Algorithm to match sentences about the same topic

Question 1

In general you would need to use some natural language processing (NLP). If you are new to the subject, I recommend you to take a look at nltk. It is a python library that includes tools for a variety of NLP problems. They also have a free book that you can check to take a quick look at the tools that you may need.

www.nltk.org/book/‎

I hope it helps

Question 2

Check out http://en.wikipedia.org/wiki/Topic_model to see how people model documents in terms of hidden "topics" that they share. Some common models and algorithms are mentioned. In general you are looking for a topic model. Some googling should find papers if you are looking for more advanced stuff than what's on the wiki.

Question 3

Levenshtein and Hamming distances are very concerned with differences at a local level. If you want to look for the topic behind the sentence, it's better to consider all the words in the sentence together.

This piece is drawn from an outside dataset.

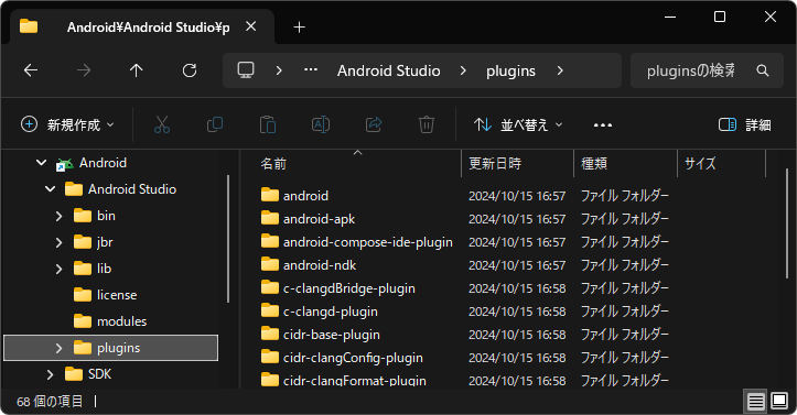 Explorerで、"Android Studio\plugins"フォルダーを開き、

A simple whole sentence approach would be tf-idf. If you treat each sentence as a document, then count the number of times a term (word) appears in the sentence, and divide by the number of documents that term appears in, you get a number for each distinct term in the sentence. Sentences with similar numbers for the same term are likely to be about the same topic.

You could use a simple approach with that, and then try different lemmatization or other grouping schemes if you need better performance.

A simple comparison for the numbers related to each sentence is cosine similarity.